[Start of Attachment]

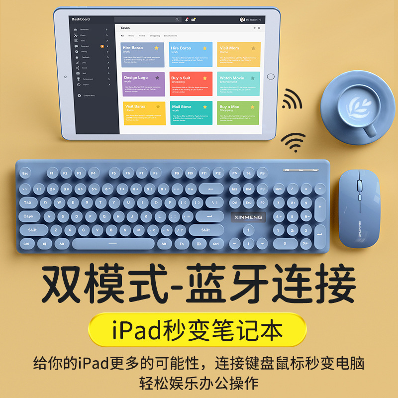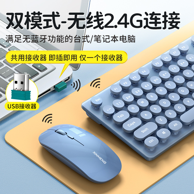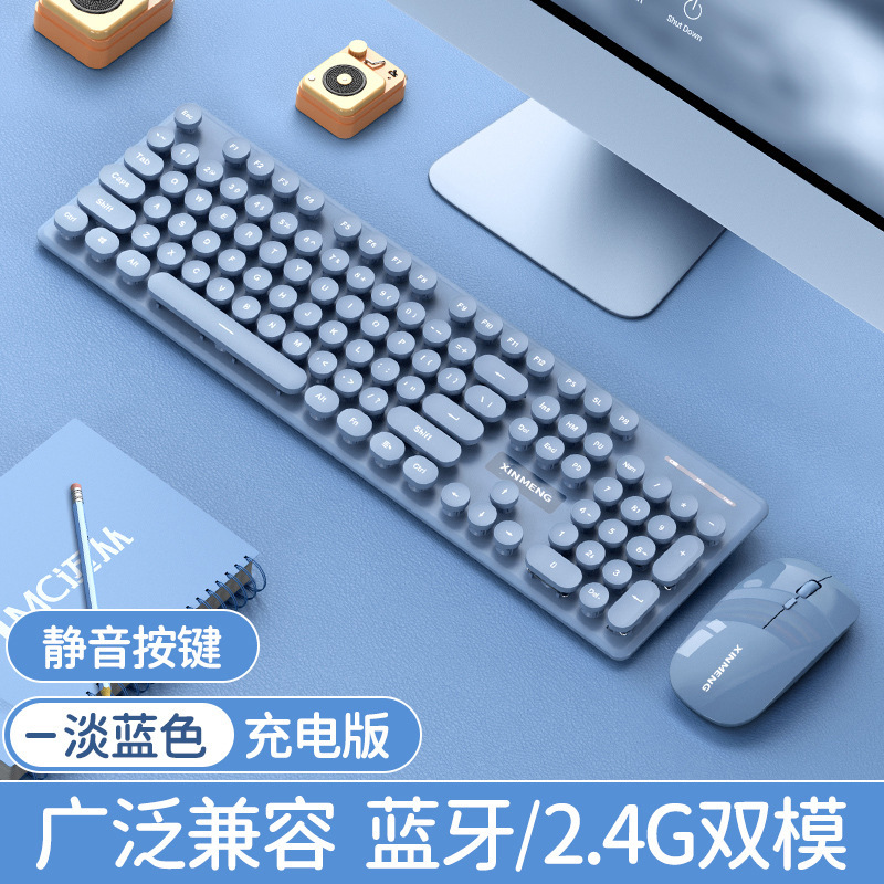 新盟N520可充电无线键盘鼠标套装蓝牙双模静音女生笔记本电脑键盘
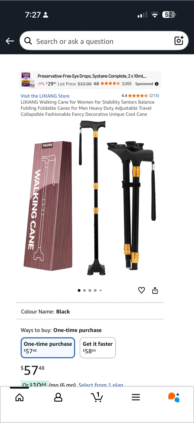 LIXIANG Walking Cane - Foldable & Adjustable Black
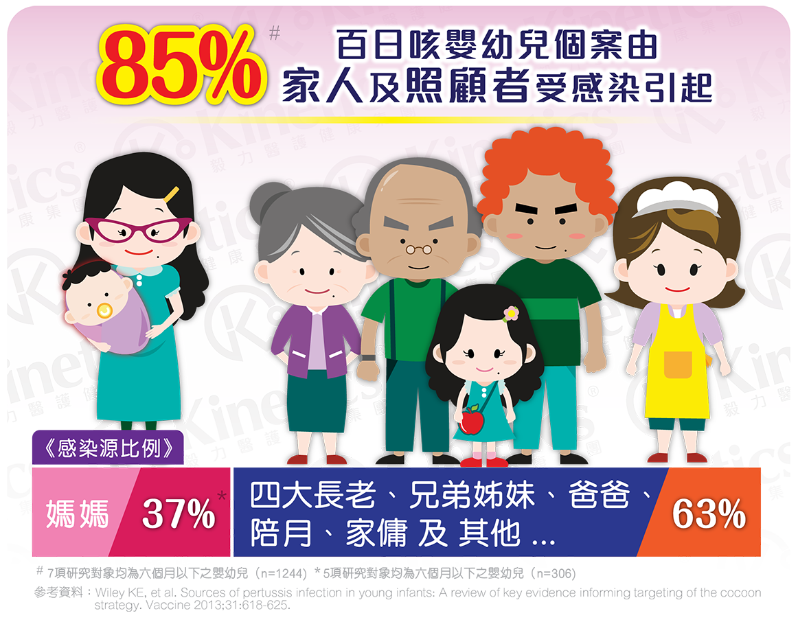 * 根據世衛估計,只有1%百日咳患者被診斷。成人百日咳患者容易被忽略 而變成傳播細菌的源頭
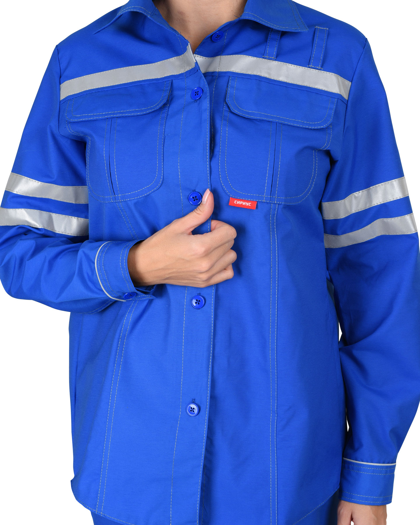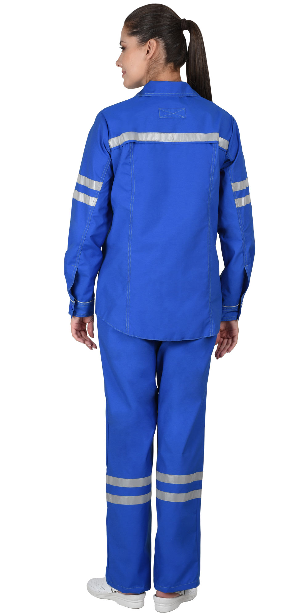 Костюм состоит из куртки и брюк. Куртка прямого силуэта с центральной застёжкой на пуговицы. Карманы с клапанами. Брюки с застёжкой гульфика на "молнию". В костюме предусмотрены светоотражающие полосы 25мм для обозначения сигнальной видимости.
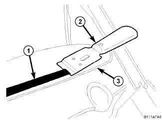 6. Adjust the lower spacers (3) as required, to obtain the specified roof gap tolerance by pushing on the side of the wedge and raising or lowering the glass as necessary. For roof gap specifications, refer to the table Roof Gap Tolerances.
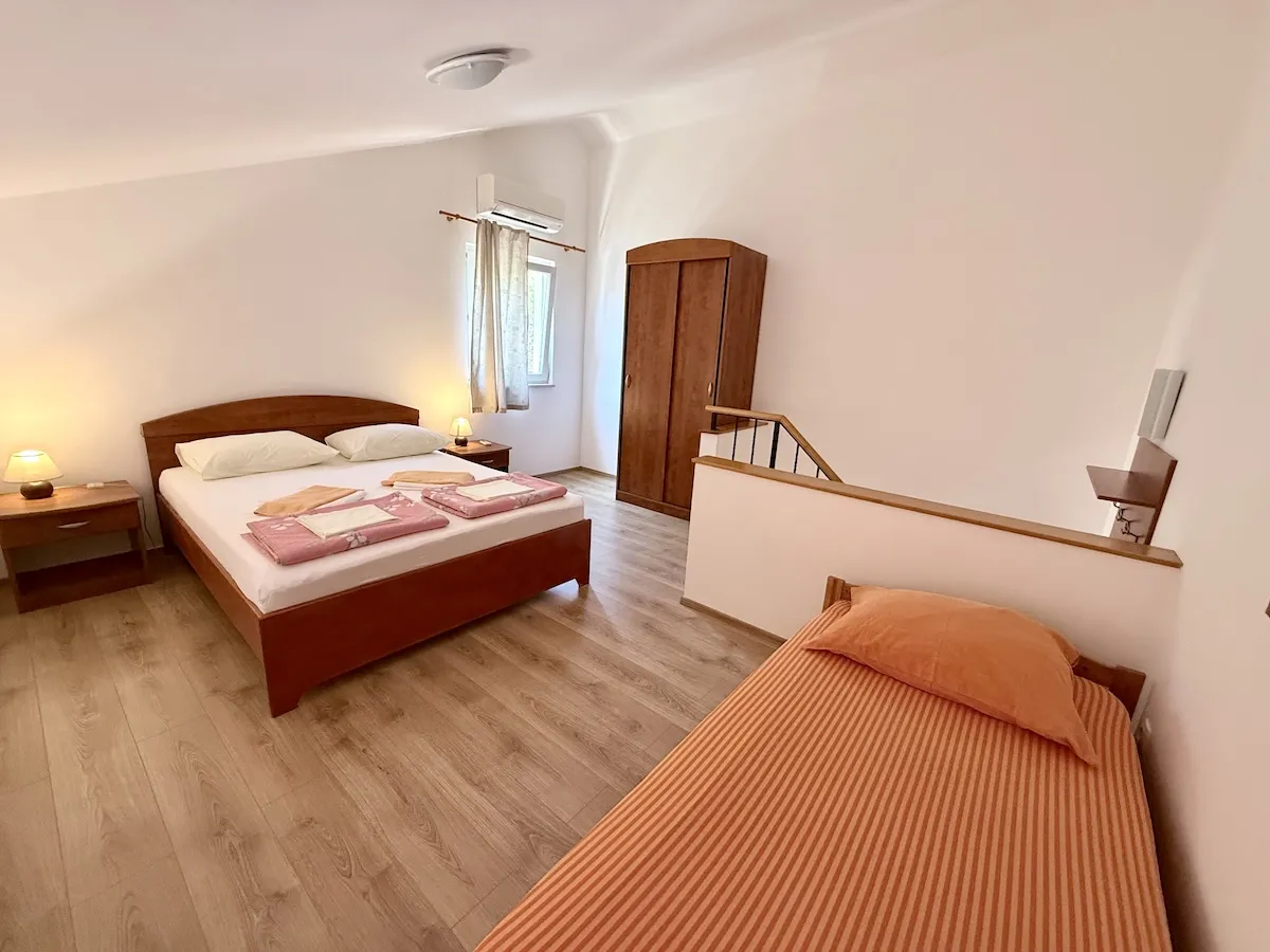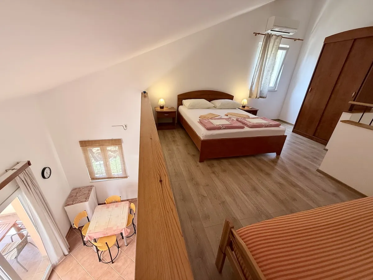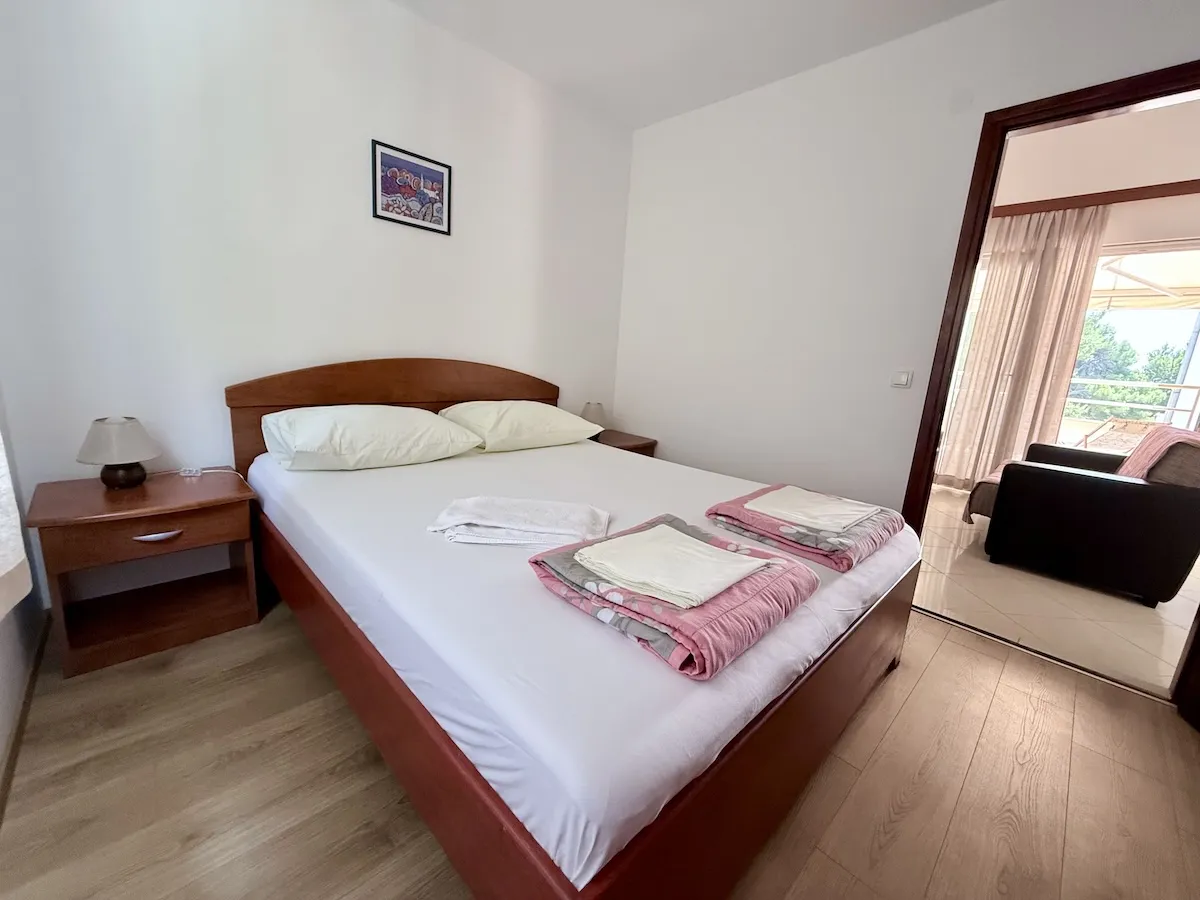 Our largest apartment, B features two separate bedrooms and a grand balcony...
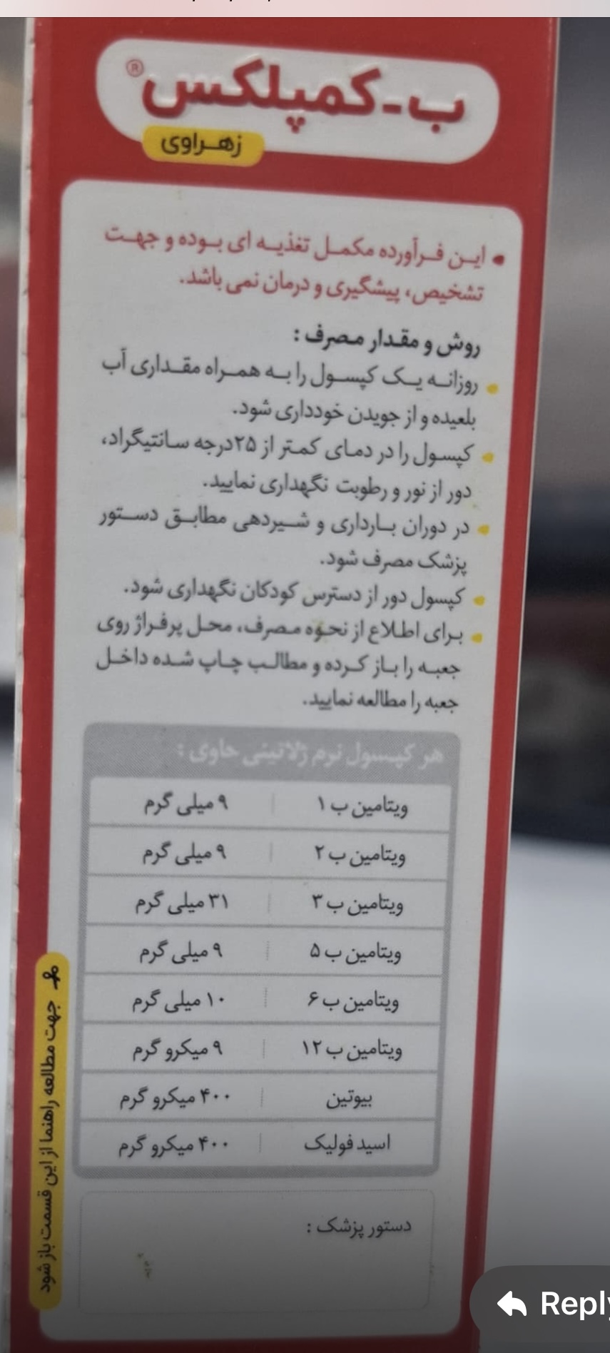 ترکیبات : ب1، ب2، ب3، ب5، ب6، ب12، فولیک اسید و بیوتین
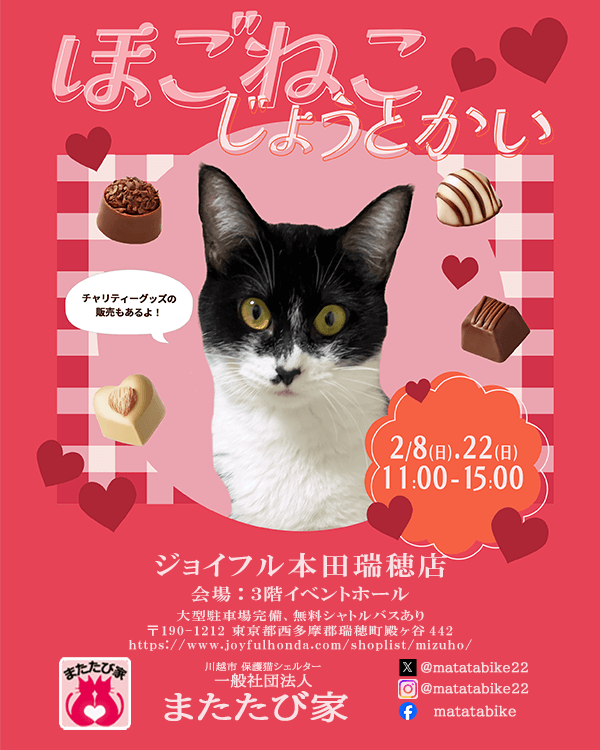 ジョイフル本田瑞穂店で保護猫の譲渡会を開催いたします!
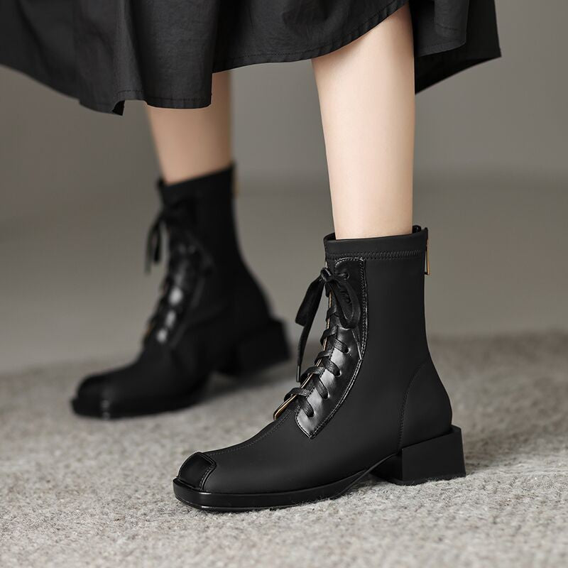 Women's Vintage Short Lace-up Skinny Stretch Martin Boots
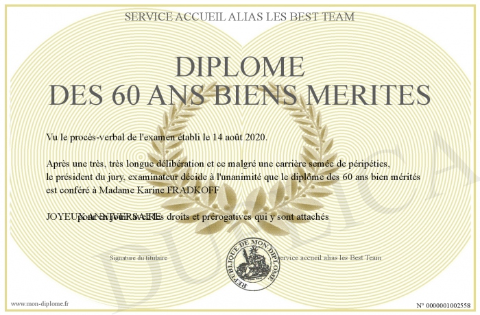 Envoyez par email votre Diplôme des 60 ans biens merités personalisé

[End of Attachment]

Could you transcribe the records above exactly, leaving every picture out?

 新盟N520可充电无线键盘鼠标套装蓝牙双模静音女生笔记本电脑键盘
 LIXIANG Walking Cane - Foldable & Adjustable Black
 * 根據世衛估計,只有1%百日咳患者被診斷。成人百日咳患者容易被忽略 而變成傳播細菌的源頭
 Костюм состоит из куртки и брюк. Куртка прямого силуэта с центральной застёжкой на пуговицы. Карманы с клапанами. Брюки с застёжкой гульфика на "молнию". В костюме предусмотрены светоотражающие полосы 25мм для обозначения сигнальной видимости.
 6. Adjust the lower spacers (3) as required, to obtain the specified roof gap tolerance by pushing on the side of the wedge and raising or lowering the glass as necessary. For roof gap specifications, refer to the table Roof Gap Tolerances.
 Our largest apartment, B features two separate bedrooms and a grand balcony...
 ترکیبات : ب1، ب2، ب3، ب5، ب6، ب12، فولیک اسید و بیوتین
 ジョイフル本田瑞穂店で保護猫の譲渡会を開催いたします!
 Women's Vintage Short Lace-up Skinny Stretch Martin Boots
 Envoyez par email votre Diplôme des 60 ans biens merités personalisé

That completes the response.